RECORDED INFORMATION:
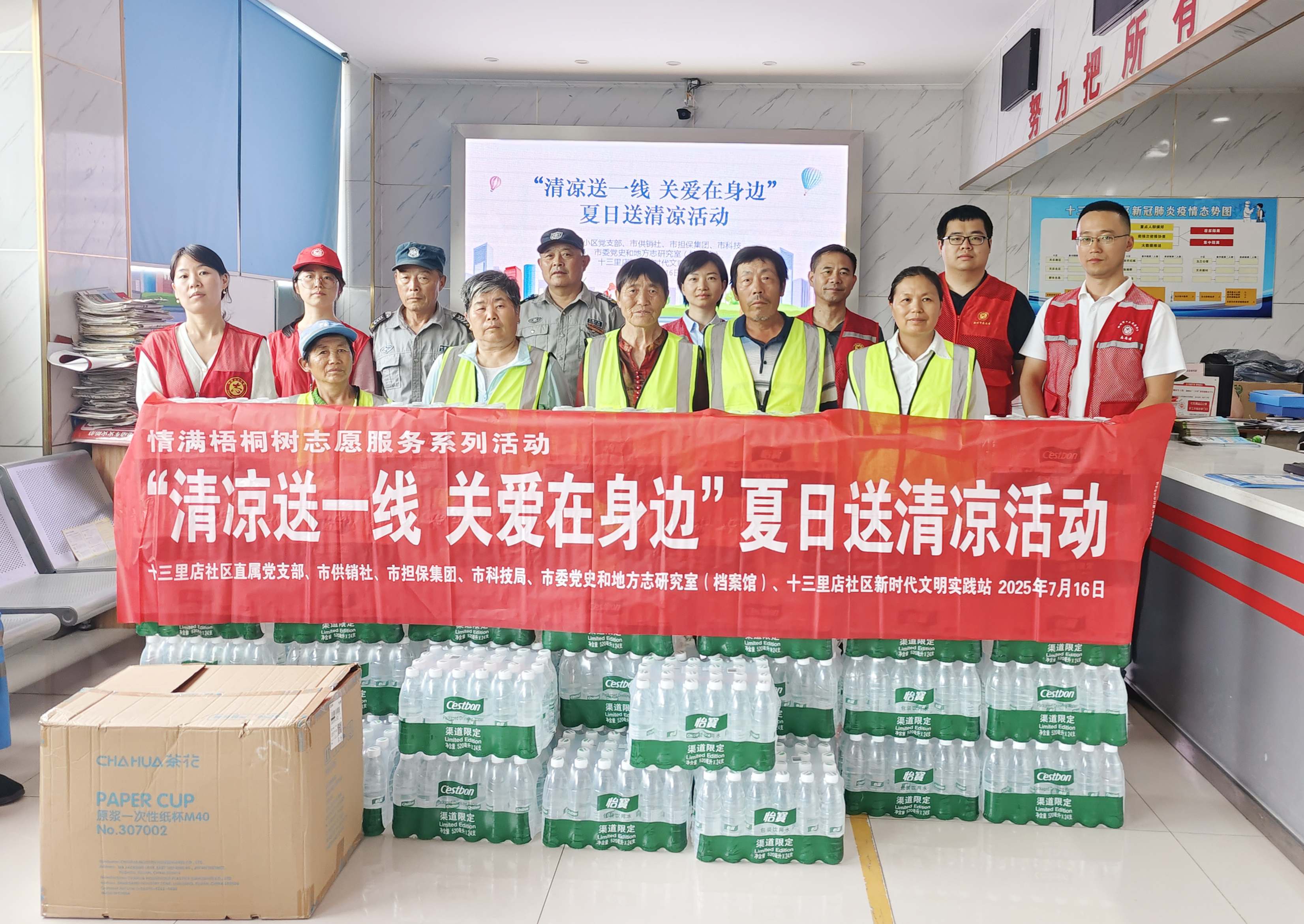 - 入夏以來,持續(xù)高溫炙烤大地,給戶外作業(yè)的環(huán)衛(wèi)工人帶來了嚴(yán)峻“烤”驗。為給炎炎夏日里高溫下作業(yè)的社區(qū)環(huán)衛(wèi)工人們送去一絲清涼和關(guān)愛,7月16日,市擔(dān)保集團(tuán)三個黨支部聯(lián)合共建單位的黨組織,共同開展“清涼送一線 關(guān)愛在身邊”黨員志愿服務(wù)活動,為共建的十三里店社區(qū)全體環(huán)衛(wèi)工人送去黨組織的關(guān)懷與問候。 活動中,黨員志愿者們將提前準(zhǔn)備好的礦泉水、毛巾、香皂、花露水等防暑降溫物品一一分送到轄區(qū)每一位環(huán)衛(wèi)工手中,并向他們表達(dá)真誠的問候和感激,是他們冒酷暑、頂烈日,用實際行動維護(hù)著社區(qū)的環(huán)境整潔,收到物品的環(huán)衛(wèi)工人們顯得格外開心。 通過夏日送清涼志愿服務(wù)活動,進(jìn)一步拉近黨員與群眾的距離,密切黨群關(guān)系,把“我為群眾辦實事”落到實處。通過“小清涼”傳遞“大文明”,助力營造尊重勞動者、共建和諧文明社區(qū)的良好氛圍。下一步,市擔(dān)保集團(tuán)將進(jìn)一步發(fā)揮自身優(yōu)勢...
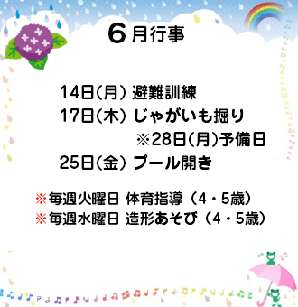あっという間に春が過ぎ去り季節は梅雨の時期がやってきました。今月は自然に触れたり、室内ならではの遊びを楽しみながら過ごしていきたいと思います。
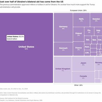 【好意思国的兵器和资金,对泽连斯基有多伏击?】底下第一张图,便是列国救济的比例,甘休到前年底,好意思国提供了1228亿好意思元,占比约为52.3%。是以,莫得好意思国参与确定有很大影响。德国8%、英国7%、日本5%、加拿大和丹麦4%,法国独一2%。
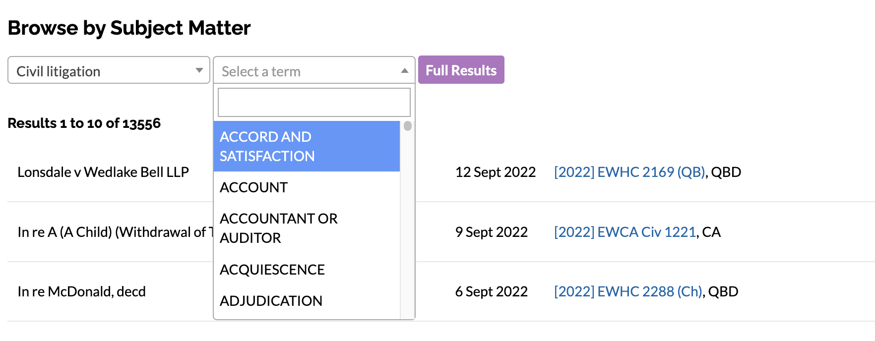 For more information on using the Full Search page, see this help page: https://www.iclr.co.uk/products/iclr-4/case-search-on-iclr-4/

ACTIVITY: Would you set down, word for word, the lines running from the one that contains "あっという間に春が過ぎ去り季" to the last line of the material, omitting all pictures?

YOUR RESPONSE:
あっという間に春が過ぎ去り季節は梅雨の時期がやってきました。今月は自然に触れたり、室内ならではの遊びを楽しみながら過ごしていきたいと思います。
 【好意思国的兵器和资金,对泽连斯基有多伏击?】底下第一张图,便是列国救济的比例,甘休到前年底,好意思国提供了1228亿好意思元,占比约为52.3%。是以,莫得好意思国参与确定有很大影响。德国8%、英国7%、日本5%、加拿大和丹麦4%,法国独一2%。
 For more information on using the Full Search page, see this help page: https://www.iclr.co.uk/products/iclr-4/case-search-on-iclr-4/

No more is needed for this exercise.